**Prompt**
Each record is to be copied exactly, with its pictures left behind.

**Data excerpts**

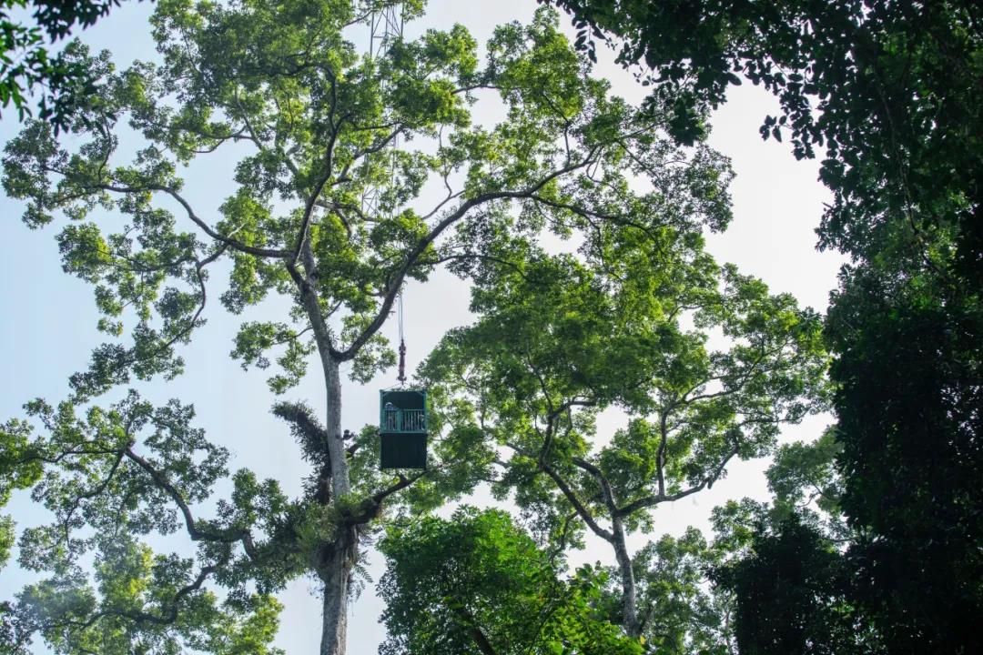 我们身处中国科学院西双版纳热带植物园的望天树热带森林样地里,这里矗立着世界第一高的林冠研究塔吊,高度80米。人在这个庞然大物面前顿时缩小了。等着塔吊升起,童真会快速回到每个人的脸上。看,被巨人托在手心,在深绿的波浪起伏中遨游,你可以选择靠近那个长满各种附生植物的树杈,探索一个树洞、一个树丫里都可能形成的一个个微型生态系统,也能让这股温柔而强大的力量把你一下提到空中,从高处俯瞰植物的海洋……被庞大的塔吊带着,和植物做了一次隐秘又刺激的互动,回到地面,所有人都大呼过瘾。
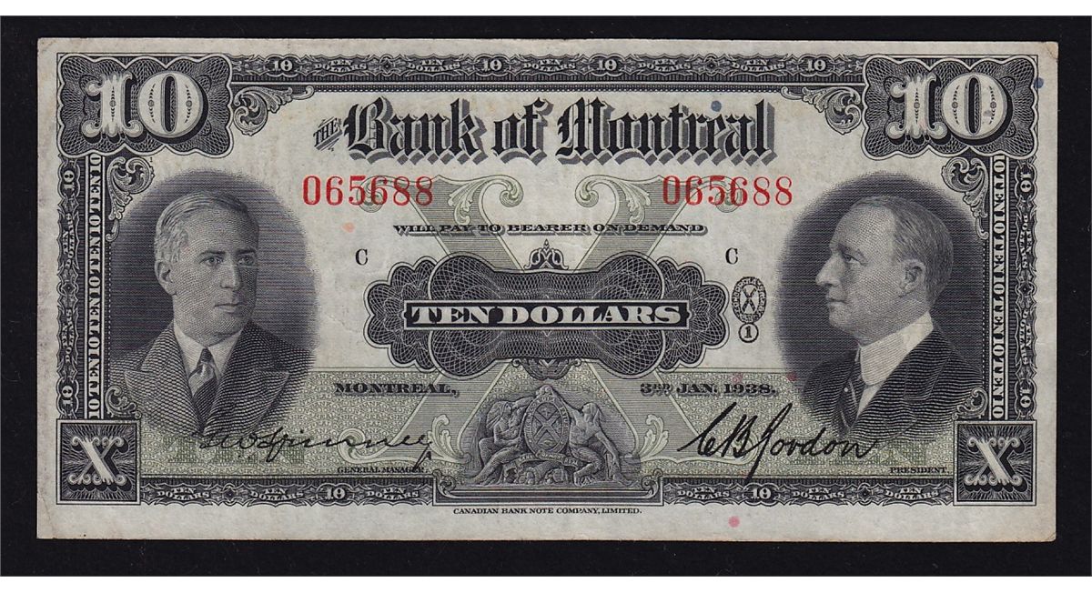 1938 Bank of Montreal $10 - CH 505-62-03, VF, pressed, S/N:065688/C.
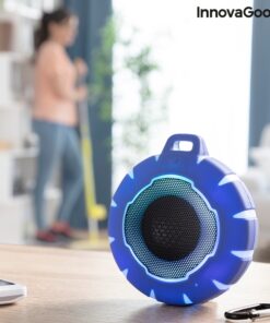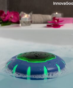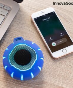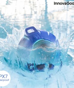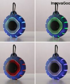 Водоустойчива bluetooth колонка InnovaGoods с многоцветни LED светлини, които мигат в ритъма на музиката. Неговият безжичен, ултралек и преносим дизайн го прави много лесен за носене навсякъде, за да слушате музика без кабели или щепсели. Освен това ви позволява да извършвате и получавате повиквания, тъй като има вграден микрофон и функция за свободни ръце. Освен това плува и е водоустойчив (IPX7), така че може да се използва удобно във вода (душ, вана, плаж, плувен басейн и др.).
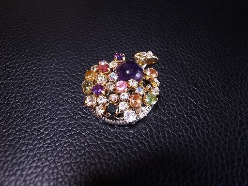 トルマリンとシトリンとアメジストでアクセサリーを作りました。透明なビーズの部分はクリスタルで仕上げています。Bizoux(ビズー技法)で宝石を敷き詰めて作っています。星座をイメージして作りましたが、出来上がったものは、花の様に綺麗な色調になりました。先日行ったティファニー展に影響を受けています。
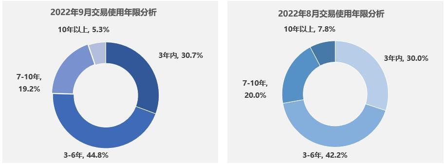 使用年限在3年内车型占比为30.5%,较去年同期增加了8.1个百分点;

**Output for this task**
 我们身处中国科学院西双版纳热带植物园的望天树热带森林样地里,这里矗立着世界第一高的林冠研究塔吊,高度80米。人在这个庞然大物面前顿时缩小了。等着塔吊升起,童真会快速回到每个人的脸上。看,被巨人托在手心,在深绿的波浪起伏中遨游,你可以选择靠近那个长满各种附生植物的树杈,探索一个树洞、一个树丫里都可能形成的一个个微型生态系统,也能让这股温柔而强大的力量把你一下提到空中,从高处俯瞰植物的海洋……被庞大的塔吊带着,和植物做了一次隐秘又刺激的互动,回到地面,所有人都大呼过瘾。
 1938 Bank of Montreal $10 - CH 505-62-03, VF, pressed, S/N:065688/C.
 Водоустойчива bluetooth колонка InnovaGoods с многоцветни LED светлини, които мигат в ритъма на музиката. Неговият безжичен, ултралек и преносим дизайн го прави много лесен за носене навсякъде, за да слушате музика без кабели или щепсели. Освен това ви позволява да извършвате и получавате повиквания, тъй като има вграден микрофон и функция за свободни ръце. Освен това плува и е водоустойчив (IPX7), така че може да се използва удобно във вода (душ, вана, плаж, плувен басейн и др.).
 トルマリンとシトリンとアメジストでアクセサリーを作りました。透明なビーズの部分はクリスタルで仕上げています。Bizoux(ビズー技法)で宝石を敷き詰めて作っています。星座をイメージして作りましたが、出来上がったものは、花の様に綺麗な色調になりました。先日行ったティファニー展に影響を受けています。
 使用年限在3年内车型占比为30.5%,较去年同期增加了8.1个百分点;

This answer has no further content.